A Blog by Jonathan Low

 

Jun 3, 2011

Research: Tax Increases Do Not Lead the Rich To Move

Bankers and their banks have been threatening for the past year to 'take

their talents elsewhere' should taxes or regulatory pressure increase beyong what they consider reasonable. That threat implied that they would leave the US or UK and move to, say, Switzerland. A recent study reports that actual tax increases, some quite substantial, created no exodus from one state to the other in the US, despite the fact that some of the states are minutes away from each other. The lesson is that it is harder and more expensive to move than to stay put. Policy makers take note. JL

Yves Smith has the report in naked capitalism:
"A solid paper by Cristobal Young and Charles Varner, “Millionaire Migration and State Taxation of Top Incomes” (hat tip Matt) helps debunk the idea that high income individuals will pull up stakes if their taxes go up. The case study is an interesting one: New Jersey’s tax increases on top earners. New Jersey made the biggest increase of all US states, and also has the distinction of having a low income tax state (Connecticut) nearby, meaning that tax-sensitive residents had an option of moving not all that far to escape the increase, which presumably would allow them to maintain family ties.
The study results might be labeled “Millionaires are People Too.” Economists and lobbyists love to stress often base their arguments upon economic rationality and contend that everyone is out to maximize his personal bottom line. But moving is a hassle and costly, and most people’s social lives are grounded in their community and their workplace. Relocating is likely to result in a longer commute for those still employed, would cause disruption to any children still in school and would weaken many existing social relationships. The study also provides a survey of the literature, noting findings in Switzerland, for instance, of communities in neighboring cantons with even wider taxation differences and little evidence of tax-driven migration.

From the abstract:

This paper examines the migration response to a millionaire tax in New Jersey, which raised the tax rate on top earners by 2.6 percentage points, becoming one of the highest rates in the country. Drawing on complete NJ state tax micro-data, we estimate the migration response of millionaires using a difference-in-difference strategy. The results indicate little responsiveness, with semi-elasticities mostly below 0.1. Tax-induced migration is higher among people of retirement age, people living off investments rather than wages, and potentially those who work (and pay tax) entirely in-state. The tax is estimated to raise $1 billion per year and modestly reduce income inequality.

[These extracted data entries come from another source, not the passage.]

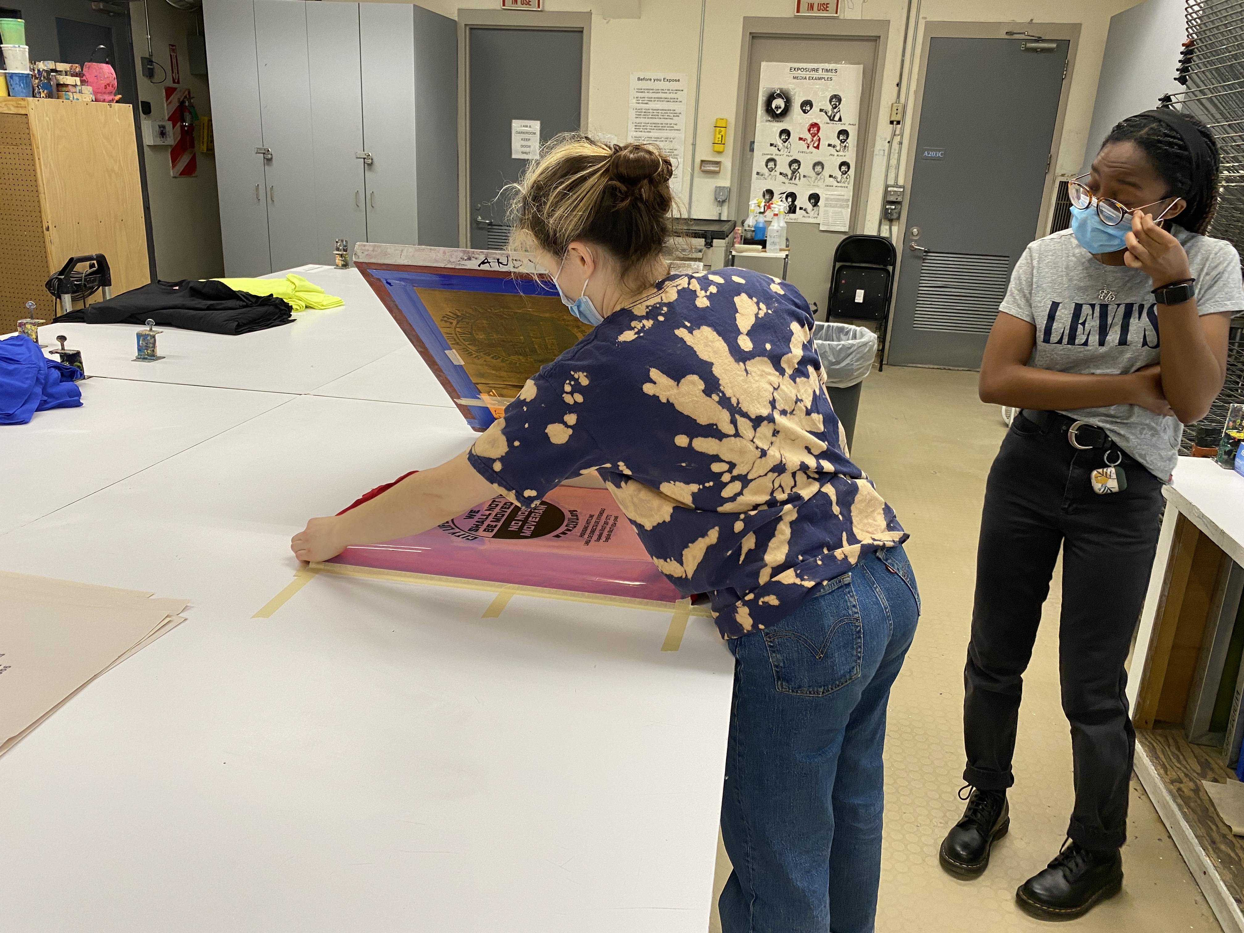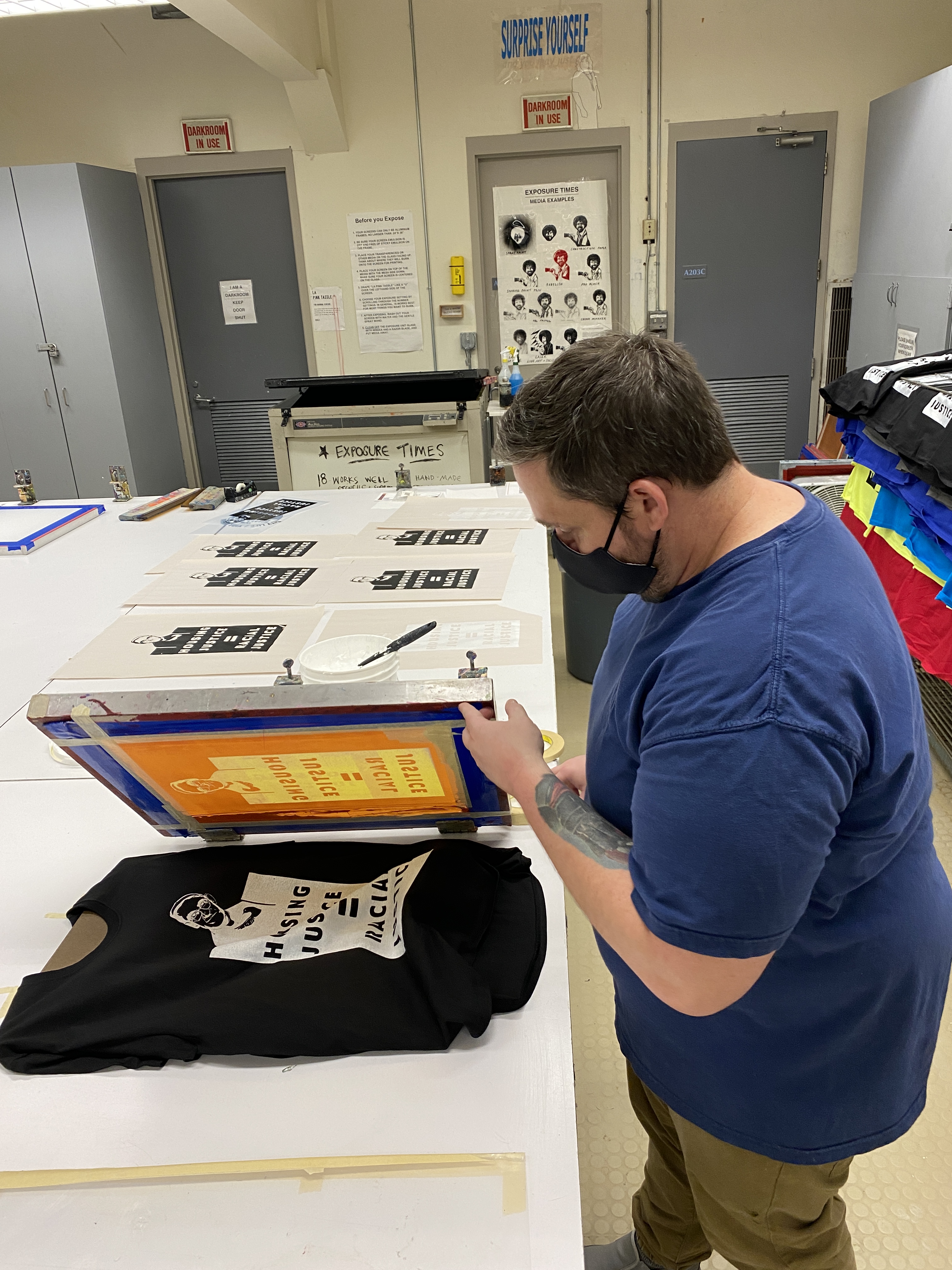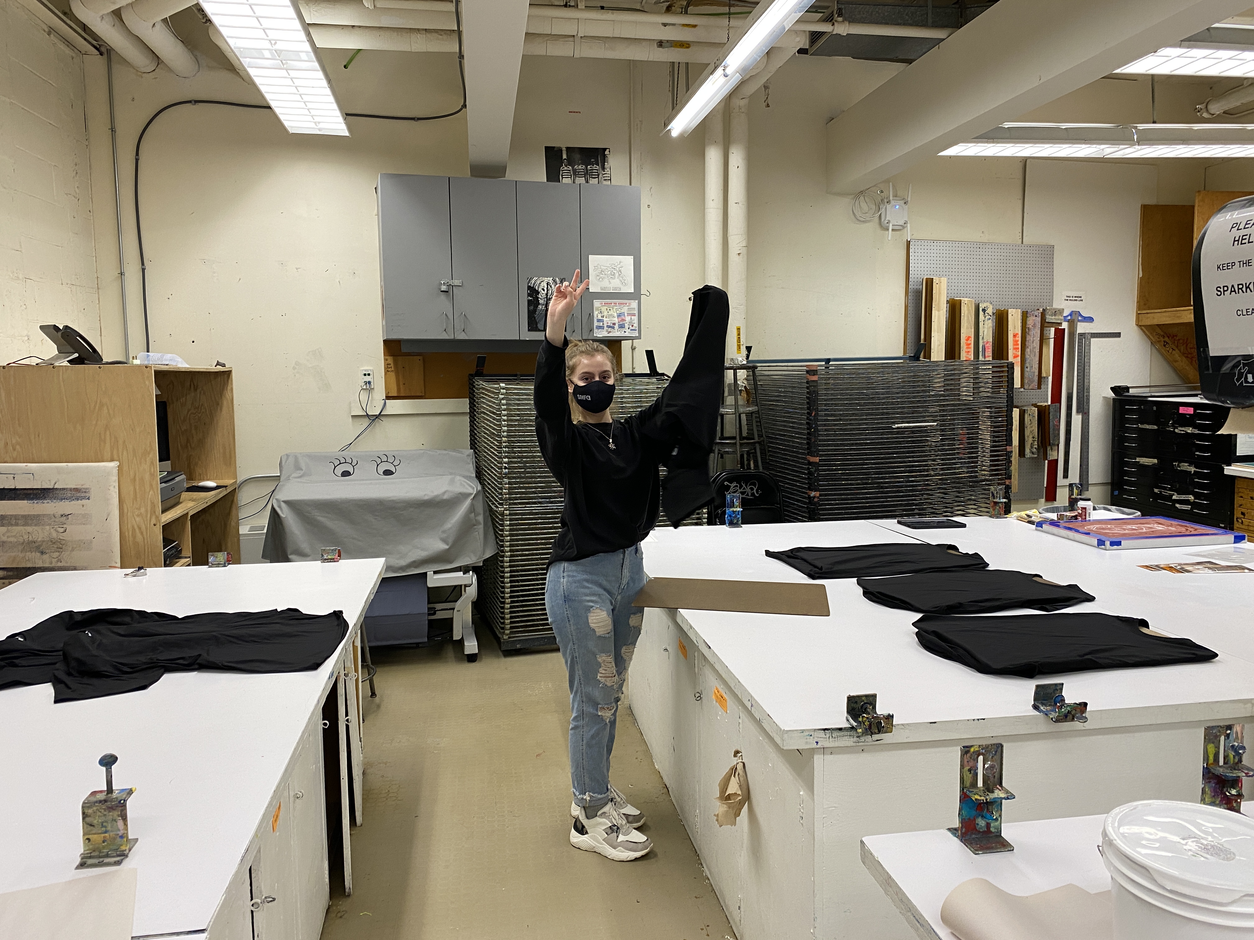 The project yielded over 200 pieces of PPE to hand out at eviction defense stations, as well as logos, and slogans and the production of 100 T-shirts, 300 masks, and Stencil kits built through collaboration with students and CLVU.
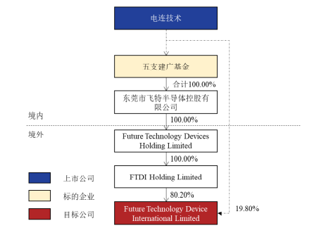 然后,电连技术再收购飞特半导体的股权,以及FTDI另一股东Stoneyford持有的19.8%的股权。
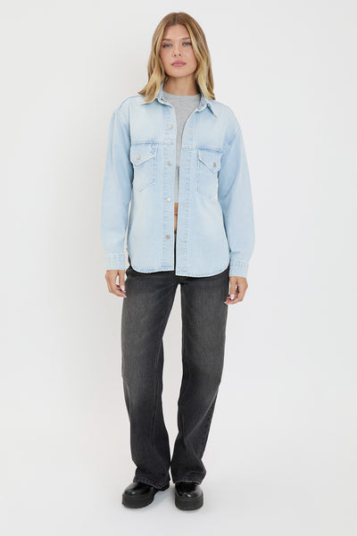 Women's Long Sleeve Denim Oversized Shacket
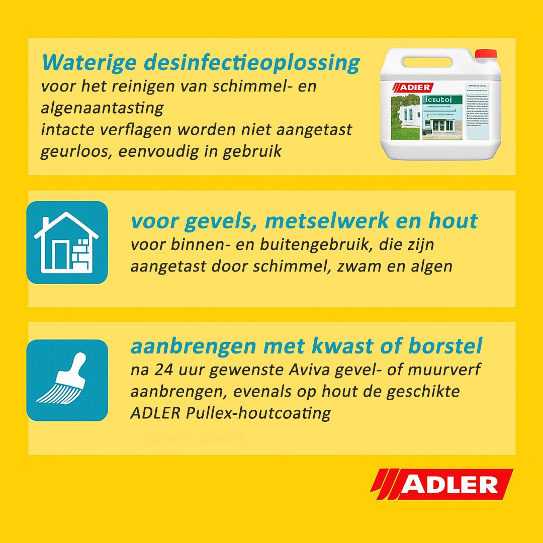 ADLER Aviva Fungisan is een watergedragen desinfectiemiddel dat diep doordringt in het oppervlak en de groei van algen, schimmels en zwammen direct stopzet. Hiermee voorkomt u niet alleen hergroei, maar zorgt u ook voor een schoon, verfklaar oppervlak. Ideaal als voorbereiding bij gevel verven of houtafwerking. - Geschikt voor vrijwel elk oppervlak
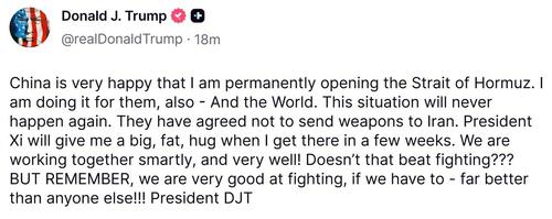 With oil prices remaining elevated, with Brent crude trading about 33% higher than before the start of the war, Trump has issued a new Truth Social claiming China is “very happy that I am permanently opening the Strait of Hormuz.” This even though in many cases it is China bound tankers being blocked and turned back by the US naval armada. “This situation will never happen again,” Trump added. He is set to meet with Xi in Beijing on May 14-15. On this he wrote that “President Xi will give me a big, fat, hug when I get there in a few weeks. We are going working together smartly, and very well!” But then Trump says “But remember, we are very good at fighting, if we have to…”

Now presumably there is a level of tax differentials that might lead more higher income individuals to act. But the very wealthy are already likely to have fairly well developed tax sheltering strategies already at work; the marginal benefit for them of establishing a residence in a tax favored jurisdiction (beyond the methods they already have in place) and spending enough time there for it to be credible may not be great enough for them to change behavior (yes, there are places like Monaco, which has more overtanned middle aged men in nice Italian leather shoes and shapely blonde young women than I recall seeing in combination anywhere else, but the argument is that locales like that are already established and have their residents). The general conclusion of the paper is plausible: that moderate tax increases on the rich, even if no neighboring jurisdictions follow suit, is unlikely to lead to much in the way of emigration and will thus be a net plus in terms of tax receipts.